RECORDS FOR THE EXERCISE →
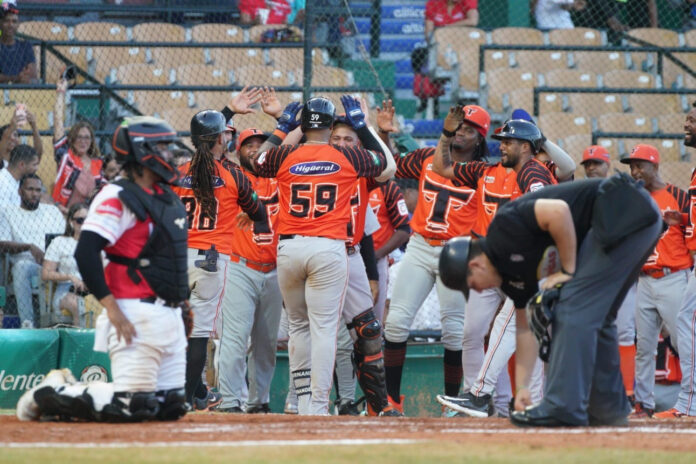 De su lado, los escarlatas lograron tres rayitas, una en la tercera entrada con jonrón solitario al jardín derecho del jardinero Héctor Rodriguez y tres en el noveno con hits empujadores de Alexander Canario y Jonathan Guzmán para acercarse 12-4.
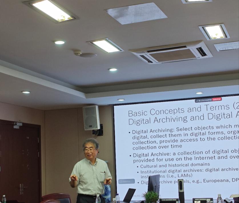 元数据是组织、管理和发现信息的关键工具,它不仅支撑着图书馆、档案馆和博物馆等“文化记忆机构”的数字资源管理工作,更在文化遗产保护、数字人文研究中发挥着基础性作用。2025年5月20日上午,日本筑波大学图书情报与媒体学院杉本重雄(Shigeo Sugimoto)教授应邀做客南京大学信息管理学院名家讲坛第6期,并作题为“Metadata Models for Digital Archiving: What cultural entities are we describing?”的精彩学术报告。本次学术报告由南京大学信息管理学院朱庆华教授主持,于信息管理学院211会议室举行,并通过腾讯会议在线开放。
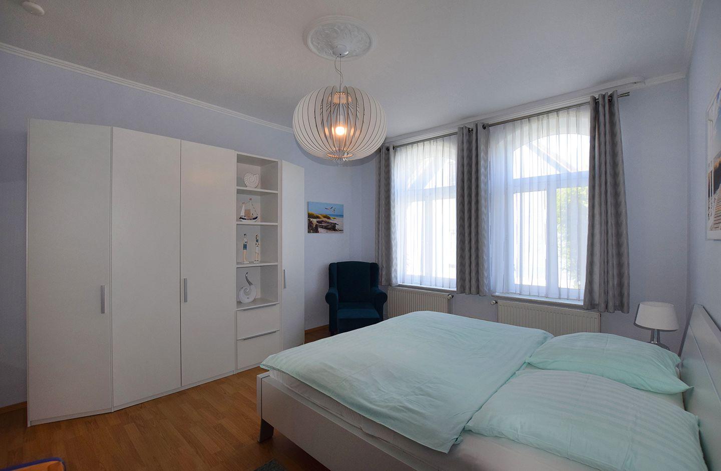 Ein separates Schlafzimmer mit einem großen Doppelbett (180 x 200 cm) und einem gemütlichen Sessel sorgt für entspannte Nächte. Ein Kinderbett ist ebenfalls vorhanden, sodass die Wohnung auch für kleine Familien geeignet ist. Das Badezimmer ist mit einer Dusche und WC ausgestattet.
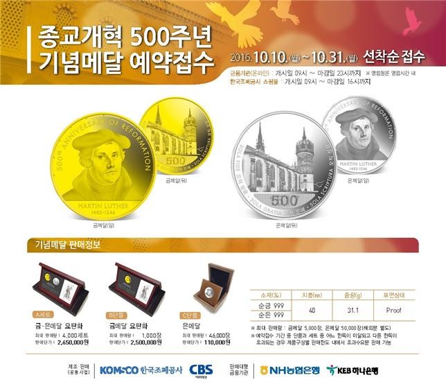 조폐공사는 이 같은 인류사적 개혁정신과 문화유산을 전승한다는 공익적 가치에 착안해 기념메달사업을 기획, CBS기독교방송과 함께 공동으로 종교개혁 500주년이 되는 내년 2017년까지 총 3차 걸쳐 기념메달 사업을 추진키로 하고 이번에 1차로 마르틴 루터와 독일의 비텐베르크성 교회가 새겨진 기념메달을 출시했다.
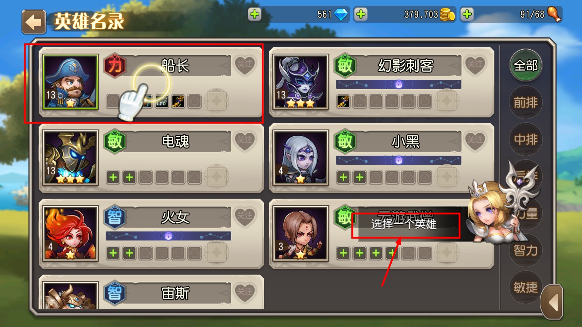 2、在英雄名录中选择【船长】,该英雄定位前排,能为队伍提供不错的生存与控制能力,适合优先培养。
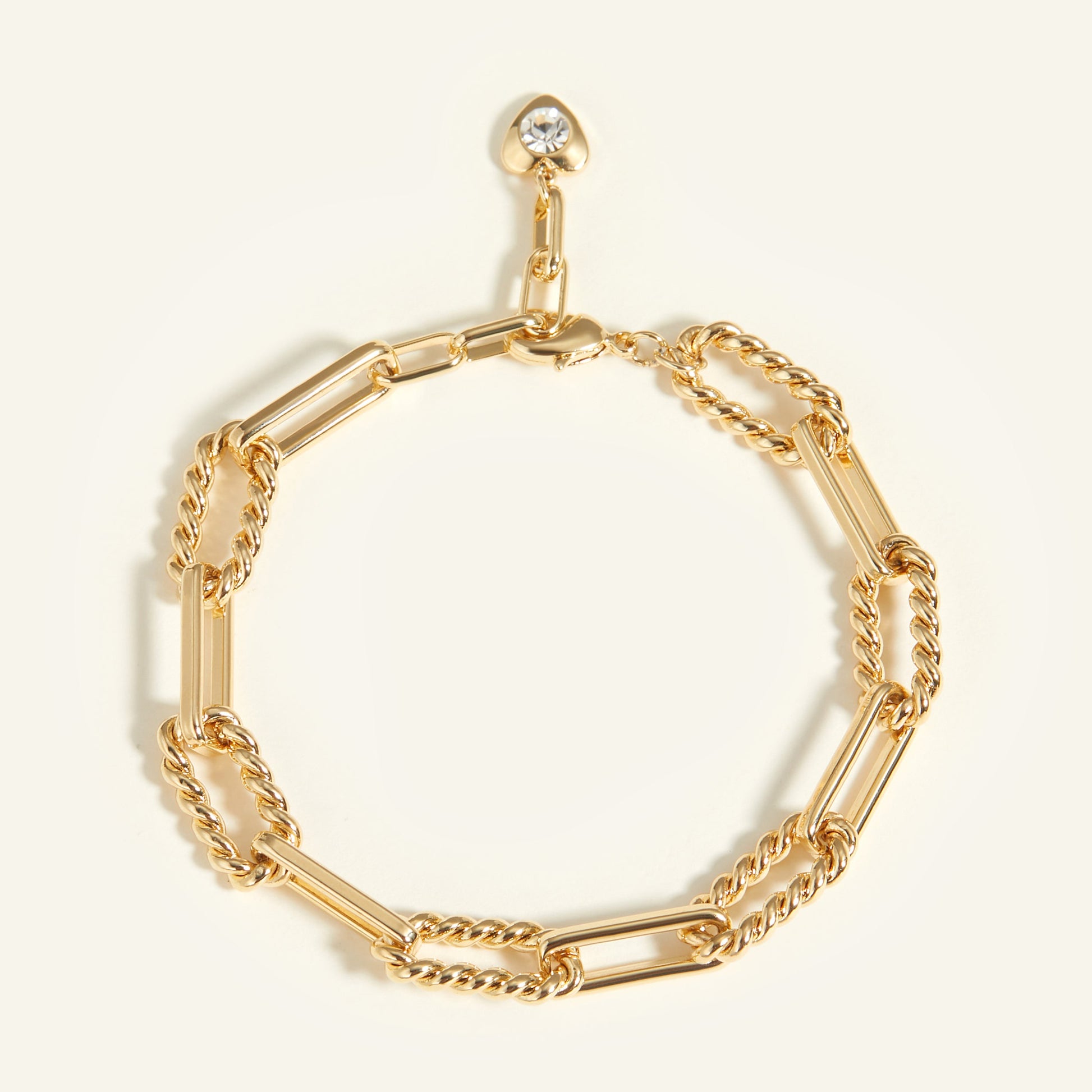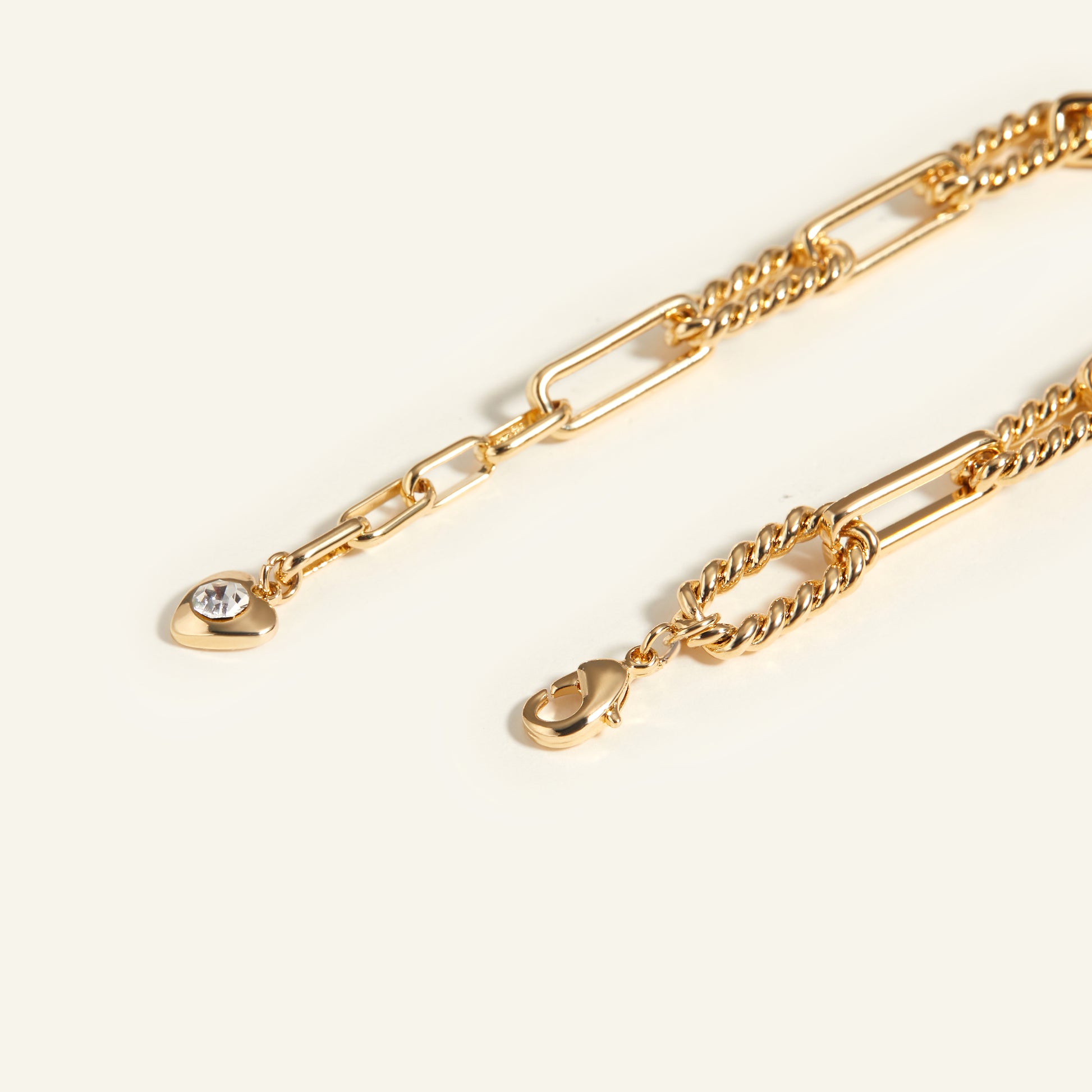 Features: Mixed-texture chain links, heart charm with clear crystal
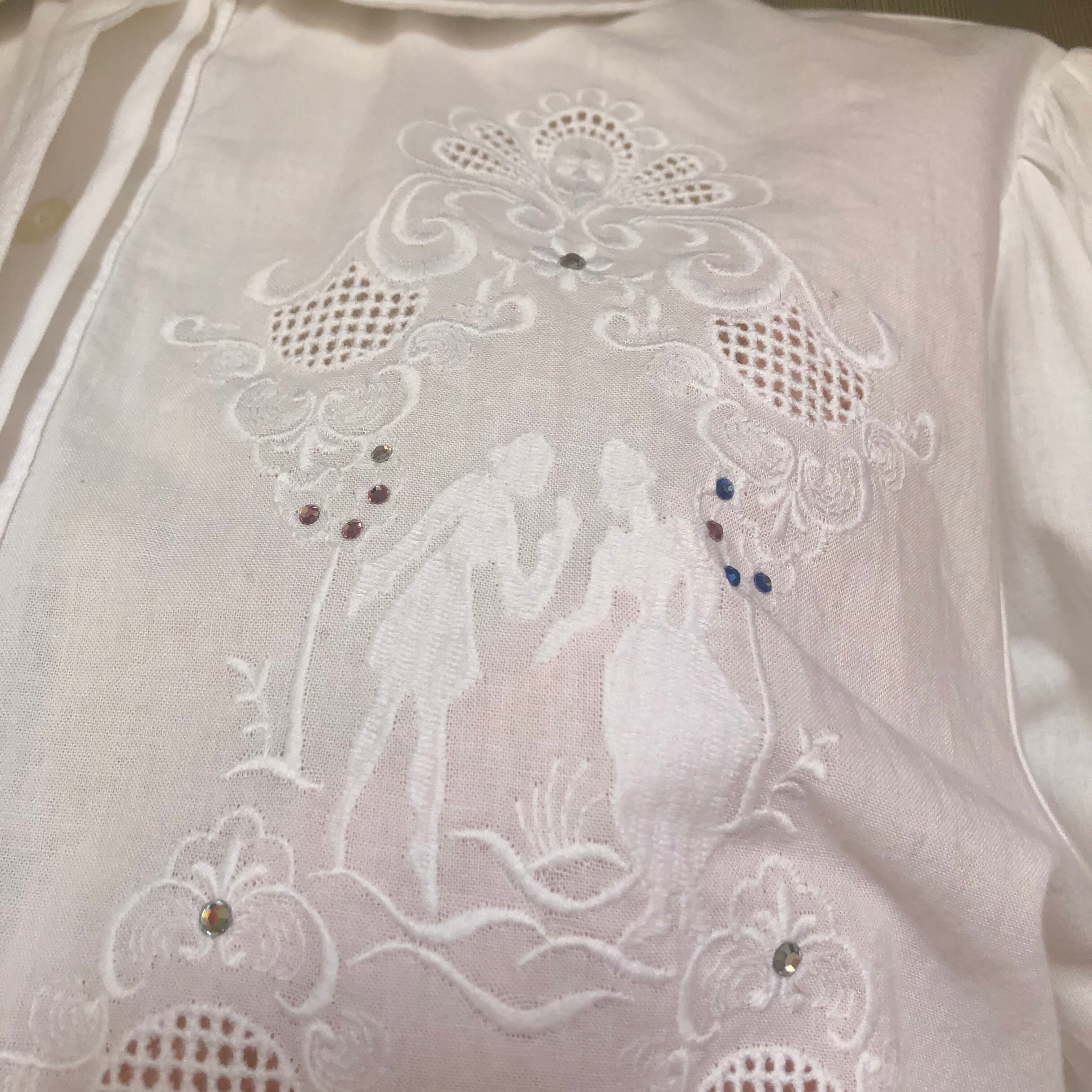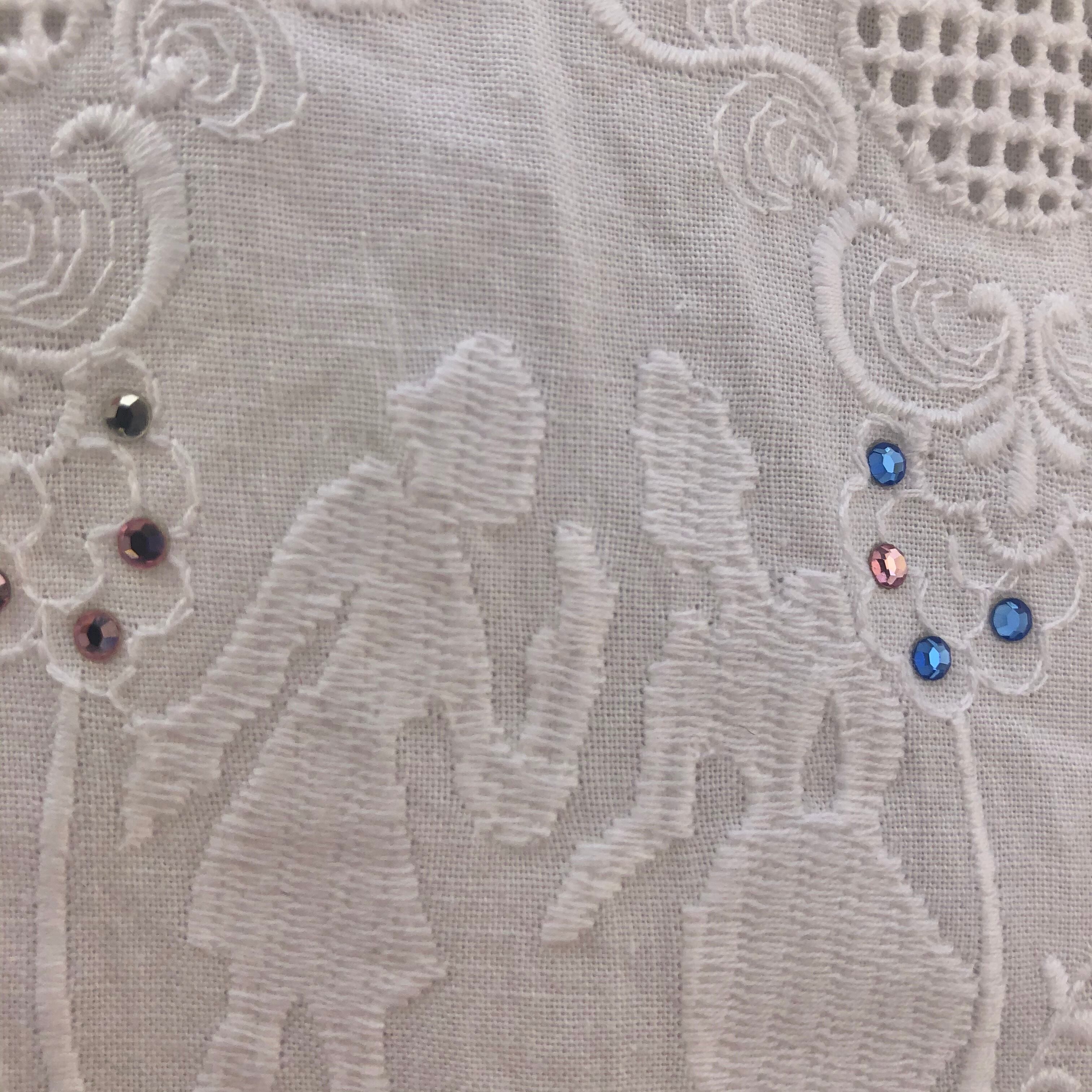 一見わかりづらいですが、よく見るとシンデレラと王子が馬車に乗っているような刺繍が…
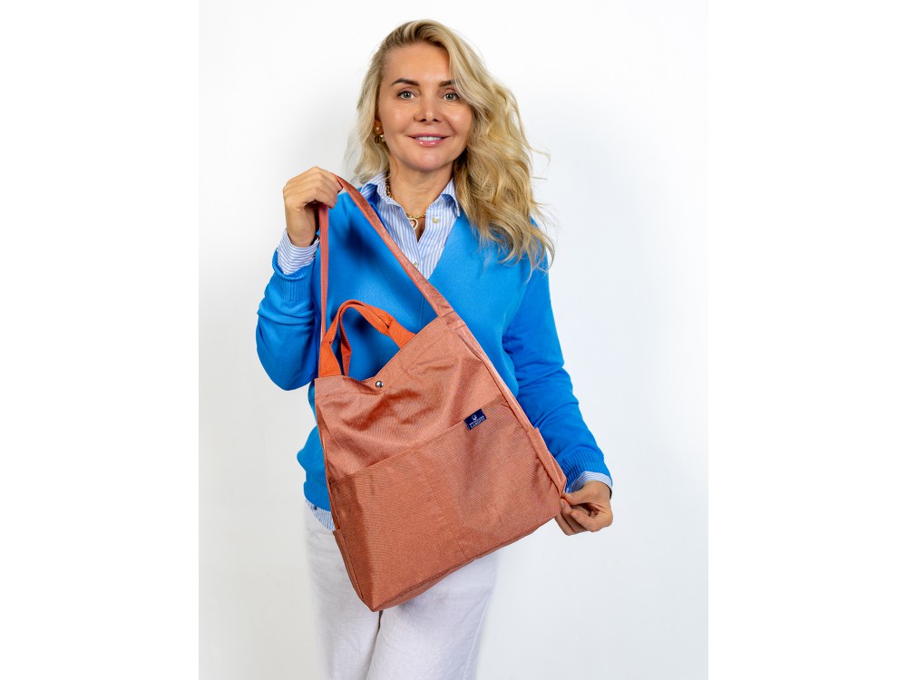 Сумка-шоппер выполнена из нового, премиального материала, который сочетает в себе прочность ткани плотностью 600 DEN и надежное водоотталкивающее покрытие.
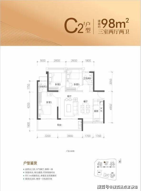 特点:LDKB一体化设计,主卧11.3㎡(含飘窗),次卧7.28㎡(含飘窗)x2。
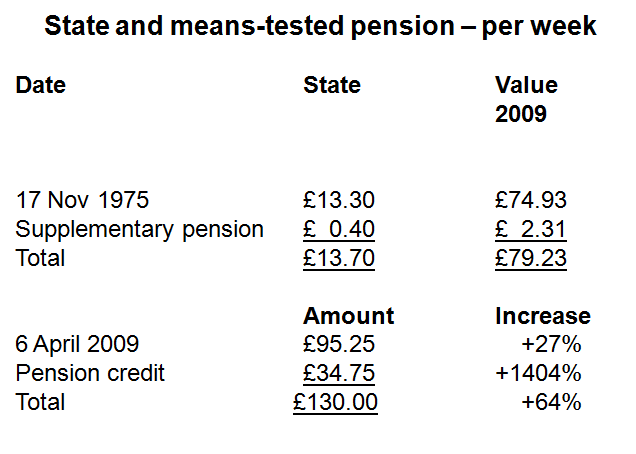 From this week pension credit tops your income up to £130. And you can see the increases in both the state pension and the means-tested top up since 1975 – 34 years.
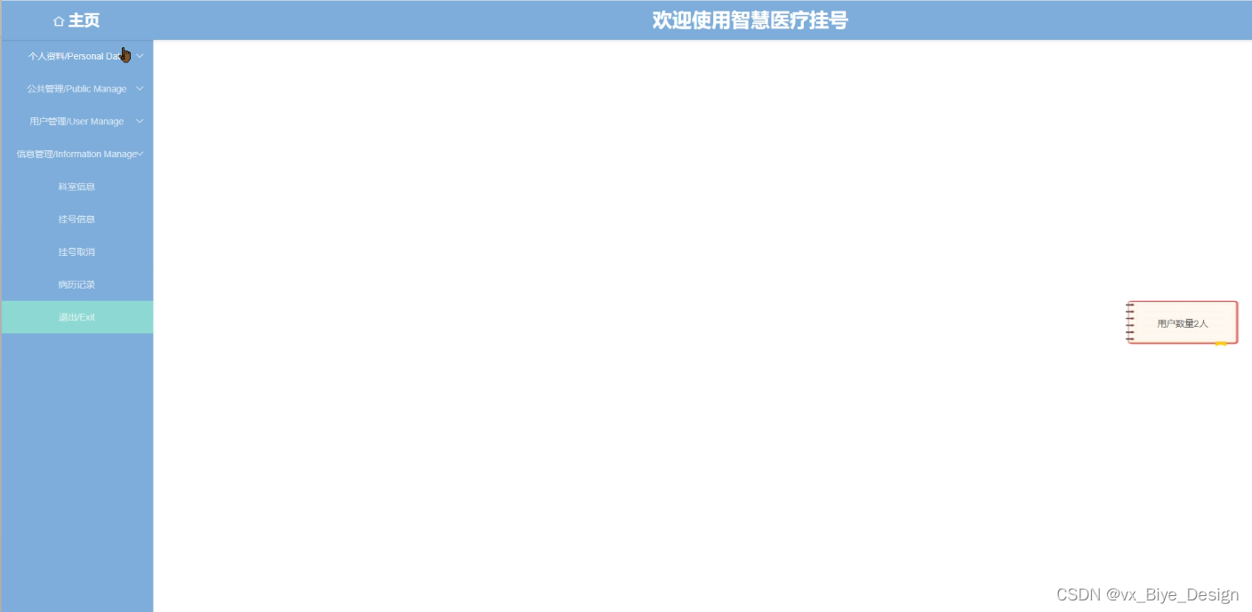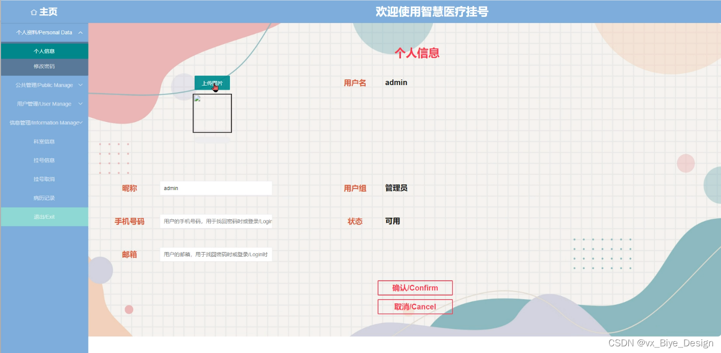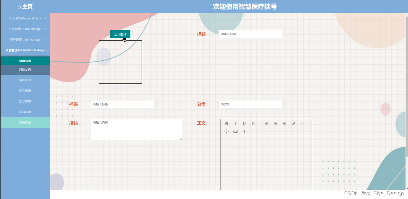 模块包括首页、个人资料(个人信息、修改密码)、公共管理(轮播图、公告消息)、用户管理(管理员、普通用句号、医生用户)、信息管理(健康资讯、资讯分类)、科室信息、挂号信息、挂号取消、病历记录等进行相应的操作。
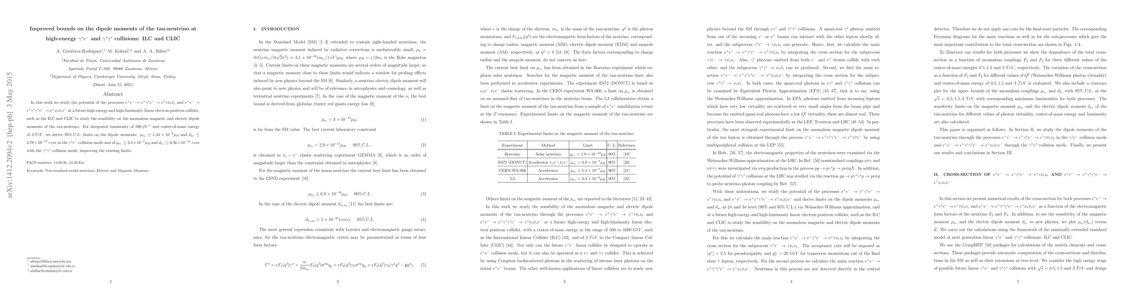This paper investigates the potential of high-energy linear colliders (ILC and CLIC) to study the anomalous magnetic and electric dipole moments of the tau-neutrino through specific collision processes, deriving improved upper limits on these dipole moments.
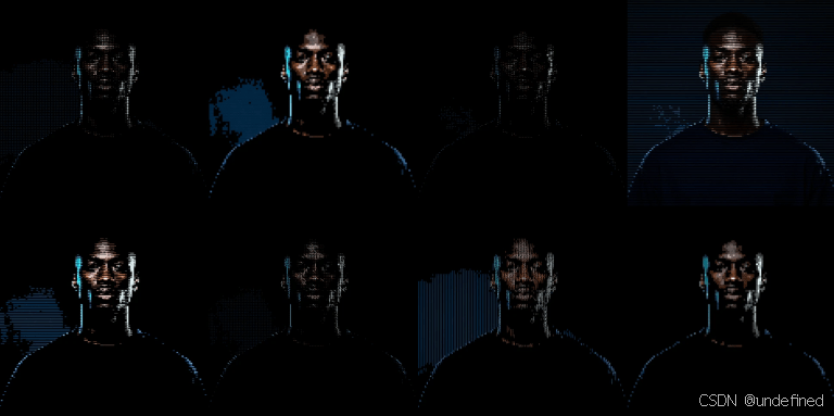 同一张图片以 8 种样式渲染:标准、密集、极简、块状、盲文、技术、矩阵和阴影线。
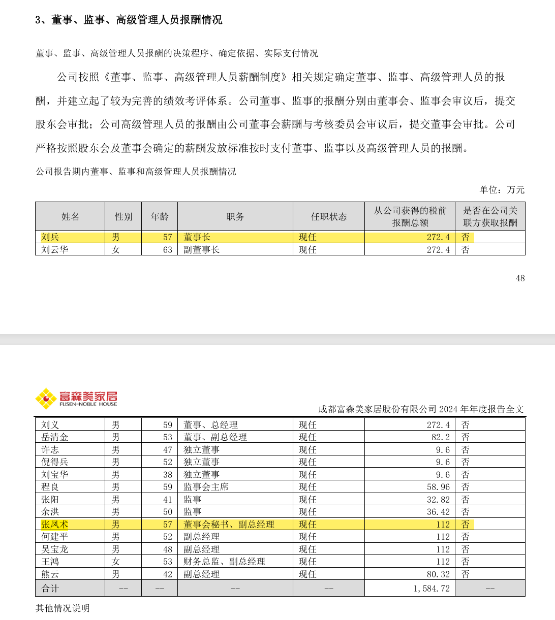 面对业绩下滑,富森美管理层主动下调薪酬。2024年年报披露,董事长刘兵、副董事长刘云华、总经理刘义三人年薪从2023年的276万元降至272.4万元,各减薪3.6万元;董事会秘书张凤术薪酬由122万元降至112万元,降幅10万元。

TASK STATEMENT → Skipping every picture, transcribe exactly the lines above from the one containing "Ein separates Schlafzimmer" through the one containing "特点:LDKB一体化设计,主", both included.

WORKED SOLUTION →
 Ein separates Schlafzimmer mit einem großen Doppelbett (180 x 200 cm) und einem gemütlichen Sessel sorgt für entspannte Nächte. Ein Kinderbett ist ebenfalls vorhanden, sodass die Wohnung auch für kleine Familien geeignet ist. Das Badezimmer ist mit einer Dusche und WC ausgestattet.
 조폐공사는 이 같은 인류사적 개혁정신과 문화유산을 전승한다는 공익적 가치에 착안해 기념메달사업을 기획, CBS기독교방송과 함께 공동으로 종교개혁 500주년이 되는 내년 2017년까지 총 3차 걸쳐 기념메달 사업을 추진키로 하고 이번에 1차로 마르틴 루터와 독일의 비텐베르크성 교회가 새겨진 기념메달을 출시했다.
 2、在英雄名录中选择【船长】,该英雄定位前排,能为队伍提供不错的生存与控制能力,适合优先培养。
 Features: Mixed-texture chain links, heart charm with clear crystal
 一見わかりづらいですが、よく見るとシンデレラと王子が馬車に乗っているような刺繍が…
 Сумка-шоппер выполнена из нового, премиального материала, который сочетает в себе прочность ткани плотностью 600 DEN и надежное водоотталкивающее покрытие.
 特点:LDKB一体化设计,主卧11.3㎡(含飘窗),次卧7.28㎡(含飘窗)x2。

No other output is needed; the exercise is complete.